17. But the midwives feared God, and did not as the king of Egypt commanded them, but saved the men children alive.
18. And the king of Egypt called for the midwives, and said unto them, Why have ye done this thing, and have saved the men children alive?
19. And the midwives said unto Pharaoh, Because the Hebrew women are not as the Egyptian women; for they are lively, and are delivered ere the midwives come in unto them.
20. Therefore God dealt well with the midwives: and the people multiplied, and waxed very mighty.
21. And it came to pass, because the midwives feared God, that he made them houses.

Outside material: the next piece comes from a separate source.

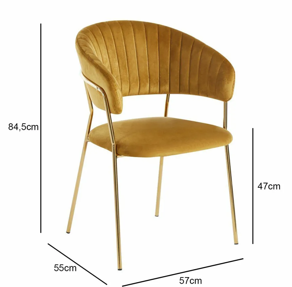 Zrób wrażenie dzięki luksusowemu krzesłu Glamour Velvet. Krzesło to wyróżnia się wyrafinowanym, nowoczesnym designem, luksusową aksamitną tapicerką i modnymi detalami. Wyposażone wnogi z chromu, zachęcającąszerokość 50 cm i wysokość 9 cm między siedziskiem, a oparciem, krzesło to zapewnia maksymalny komfort i styl. Klasyczne żółte siedzisko z elegancką złotą podstawą podkreśli każdy stylowy wystrój domu i nada głębi każdemu pomieszczeniu. Niezależnie od tego, czy szukasz czegoś wyjątkowego do swojego salonu, czy po prostu chcesz dodać odrobinę blaskudo przestrzeni biurowej, krzesło Glamour Velvet ma to wszystko!

Who were these midwives, Shiphrah and Puah? Some scholars speculate that Shiphrah was midwife to Moses’ mother Jochebed, and that Puah was her daughter. Additionally, many Rabbinic traditions assert that Shiphrah actually *was* Jochebed, and that Puah was her daughter, Miriam, and that when verse 21 talks of them being given houses from God as a reward for their faithfulness and bravery, this is referring to the priesthood lineages of Moses and Aaron (sons of Jochebed, brothers to Miriam). Either way, the text seems to suggest a close connection to the story of Moses, despite Shiphrah and Puah never being mentioned by name in the Bible again, outside of these seven verses.

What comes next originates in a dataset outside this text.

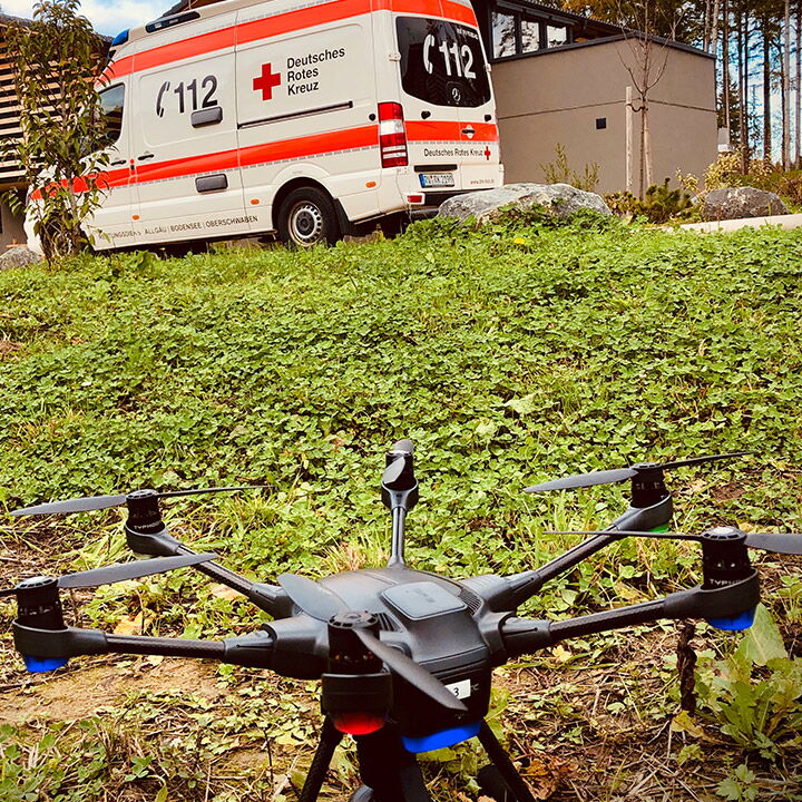 Im Frühjahr 2018 wurde durch unsere Mitarbeiter ein Pilotprojekt zur Unterstützung bei Personensuche mittels Drohne gestartet. Eines der ersten in ganz Baden - Württemberg. Mittlerweile hat die Drohnengruppe des DRK Kreisverbandes Wangen 10 Mitglieder, ein Großteil davon sind unsere Mitarbeiter, und ist in den Kreisen Ravensburg, Biberach und Bodensee regelmäßig im Einsatz.

Rabbi Elyse Goldstein asserts in her book, “ReVisions: Seeing Torah through a Feminist Lens,” that Shiphrah and Puah weren’t just midwives, but overseers of the guild of midwives in the area, and that being sought out by Pharaoh and having direct contact with him suggests positions of high esteem. Midwifery was a profession that required many years of apprenticeship and technical training, even anciently, and was part of the religious establishment. This suggests that Shiphrah and Puah weren’t just midwives in a village, but had influence over many midwives and the practice of midwifery generally during their time in Ancient Egypt. In the above verses, Pharaoh directs these midwives (and presumably all midwives in the guild) to kill all male babies either during or directly after labor (“on the stools” refers to birthing stools commonly used in the second/pushing stage of childbirth).
It’s worth noting that Pharaoh wasn’t just the political leader of the time: he claimed both political and religious authority. To oppose his edict was not just an act of opposing a king; they were also opposing a demigod. By opposing him, they were undermining his authority in both realms, and they risked being stripped of their position, enslaved, and/or killed. Yet rather than murder the male infants as ordered, they let them live. They must have known that they would be called to account for their actions (and they were, in verse 18), but they feared God and did as their moral conscience dictated. In fact, many scholars mark this as the first recorded instance of civil disobedience, and that their rejection of this governmental decree was not just personal, but overtly political. According to Hebrew Bible scholar James Ackerman in his essay, “The Literary Context of the Moses Birth Story (Exodus 1-2),”
Rather than cower before the most powerful man on earth they defend themselves with straight faces against Pharaoh’s charge of insubordination. Their lives are at stake, and yet their sly comparison between the vigorous Hebrew women and the pampered Egyptians comes through as totally credible to the ‘wise’ king: ‘Oh yes, of course, that would be a problem, wouldn’t it?’ There is a great relish in this uneven conflict between the effete elite and the crude, but shrewd, vital, and resourceful, oppressed. The king fails to realize that not only is he being deceived, but he is also being mocked.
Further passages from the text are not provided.